Cisco Systems Inc.s proposed acquisition of Procket Networks Inc., announced on Thursday, is a move intended to bolster future product development beyond Ciscos brand-new high-end router targeted at telecommunications providers.
Cisco, rather than acquiring somewhat redundant routing products from the struggling startup, picked up Prockets intellectual property around semiconductor development along with a highly prized group of engineers with intimate knowledge of that technology.
"It was a way for Cisco to pick up great engineering talenta team that already exists. I doubt this will derail ongoing development or plans for the new CRS-1 router," said Dave Passmore, research director at The Burton Group, in Sterling, Va. "Nor is it going to change their plans for eventually migrating IOS over to the new version of IOS in the CRS-1," he added.
Instead, Cisco acquired Procket intellectual property around the customer-owned tooling silicon development methodology, industry insiders believe.
"Procket had always asserted that their semiconductor architecture allowed them to produce much lower price per port than Cisco 12,000 boxes or Juniper [high-end routers], and had significantly lower power consumption and heat dissipation than those vendors," said Tom Nolle, the CEO of Voorhees, N.J.-based consulting firm CIMI Corp. "Procket is not intended to be an element in the initial CRS-1, but in the downsizing of that to the [Cisco] 12,000 and 7000 series [routers]," he added.
For Procket Networks, which had already spent most of the nearly $300 million in funding generated through several rounds from private investors, the acquisition was a means to keep the company going after it could not raise any additional funding from private investors. "It was an issue of cash for sales and marketing activity and to buy runway to garner more market share against incumbent players.

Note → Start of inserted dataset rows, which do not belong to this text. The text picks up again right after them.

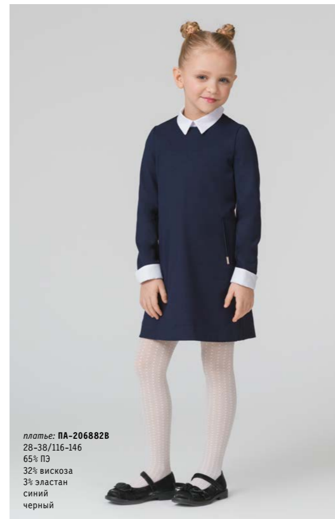
платье: ПА-206882В 28-38/116-146 65% ПЭ 32% вискоза 3% эластан синий черный

Коллекция выполнена из классической для школьной моды ткани на основе хлопка с добавлением полимерных волокон для повышения износостойкости и практичности.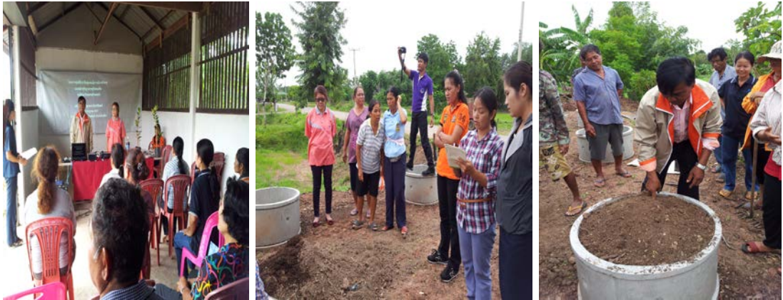
การขยายพันธุ์ด้วยวิธีการเสียบยอดและการปลูกมะนาวในวงบ่อซีเมนต์นอกฤดูการผลิต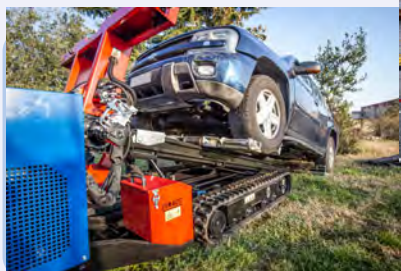
перемещение автомобилей и транспортных средств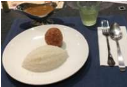
レトルト食品の盛り付け例

新規の販路開拓のため、ハラル認証取得を支援。 製品化及びマレーシアでのテスト販売を実施。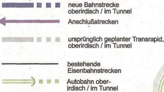
Chart 3: Nordtunnel Variante A1a im Regional- und Fernverkehr (ohne S-Bahn)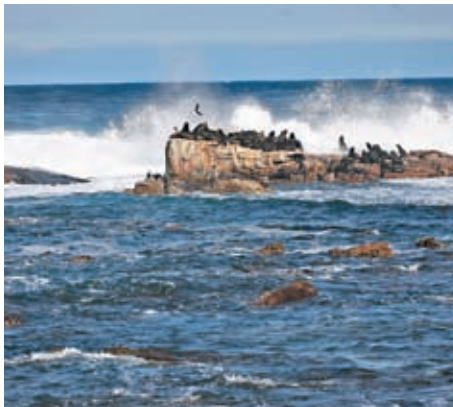
▲▲在開普敦好望角景區拍攝的景色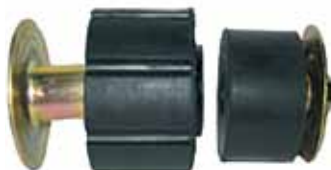
Montante Completo Cabina Trasero Mod. 73/81 (D3TZ1000396A)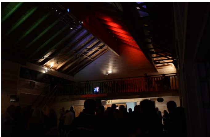
Fig: Bild på "Stora tältet"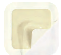
Askina® Transorbent® Border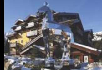
Cheval Blanc Courchevel

The best route was for Procket to be acquired by Cisco Systems," said Cary Hayward, director of marketing at Procket in Milpitas, Calif.
Ciscos proposed acquisition is for $89 million in cash, and it does not include the two routers that Procket currently markets.
"The investors figured this was the best they could do to cut their losses. They would have to put even more than the $300 million into the company, and the prospects didnt look good enough to do it," said Passmore.
Procket, in pursuing another round of funding, held acquisition talks with a number of networking players, according to Hayward. Others rumored to have been in the bidding include Foundry Networks and Alcatel. But Cisco was the solitary bidder in the end.
Cisco intends to hire some 120 members of Prockets engineering team when the deal closes sometime this fall, according to a Cisco spokesman. The engineers will become part of Ciscos Routing Technology Group, under Senior Vice Presidents Prem Jain and Mike Volpi in San Jose, Calif.